Online learning leaves some students unmotivated, struggling

Learning at the kitchen table- 

Senior Andrew Hernandez does his school work at home. Hernandez said he often loses motivation to keep up with his classes while at home.

Learning at the kitchen table- Senior Andrew Hernandez does his school work at home. Hernandez said he often loses motivation to keep up with his classes while at home.

Virtual learning is the new routine for most students, but for some, it’s a struggle to participate in. Going back to school during the pandemic is requiring students to attend school virtually. Although in-person schooling is now available, it is a risk most students aren’t willing to take, which leaves the majority of students stuck in online school with little to no structure.

“I felt disgusted, the type of disgust as if I saw past mistakes,” freshman Rene Moreno said. “I finally decided to get on BLEND but I’m reminded of all the piled up assignments I have to do.

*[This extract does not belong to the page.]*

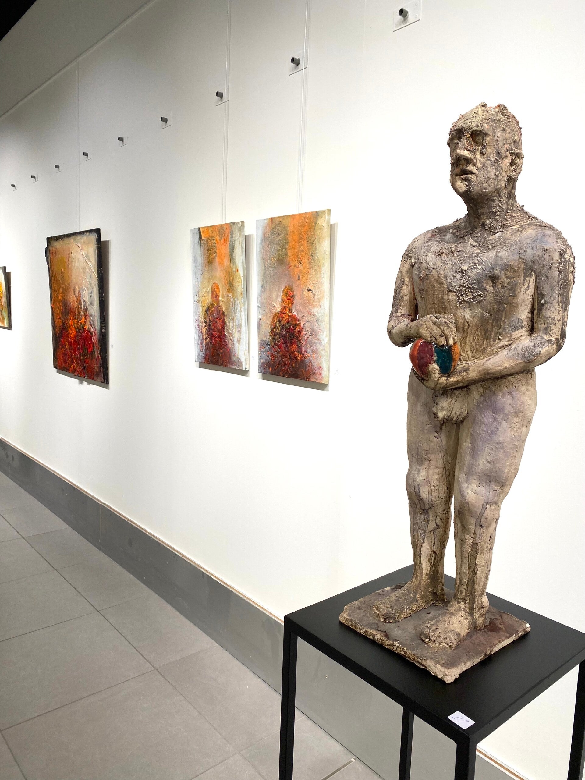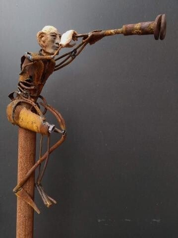 Jan maakt eigenzinnige beelden uit gerecycleerd, roestig ijzer, waarin hij ruwe materialen omvormt tot karaktervolle figuren. Als opvallend detail werkt hij de hoofdjes en handjes uit in keramiek, wat zijn sculpturen een speelse en menselijke uitstraling geeft. Zijn werk zit vol creativiteit en vakmanschap, en de nodige humor ontbreekt zeker niet: elk beeld vertelt als het ware een klein verhaal dat meteen een glimlach oproept.

I haven’t even learned anything. I tried to do one assignment then after that one assignment, I gave up. It’s like folding laundry, once you fold one shirt, and you see how many are left, you wanna stop.”

It’s hard to hear that my students are struggling on both a personal level and professional level”

— Gina Hinojosa (Theater Teacher)

The learning at home is a stark contrast from coming into school every day which leads to confusion and procrastination. However, students are expected to complete a similar amount of work despite the circumstances.

“I feel like some of my teachers have assigned too much,” senior Andrew Hernandez said. “I do like just one class and I probably get two or three assignments that need to be done like by the end of the day. And sometimes I just don’t feel motivated to do the work in some of my classes.”

Teachers also realize the difficulty students are facing and hope to be a guide for any situation the students are experiencing. Although teachers are there to help they are also facing problems of their own.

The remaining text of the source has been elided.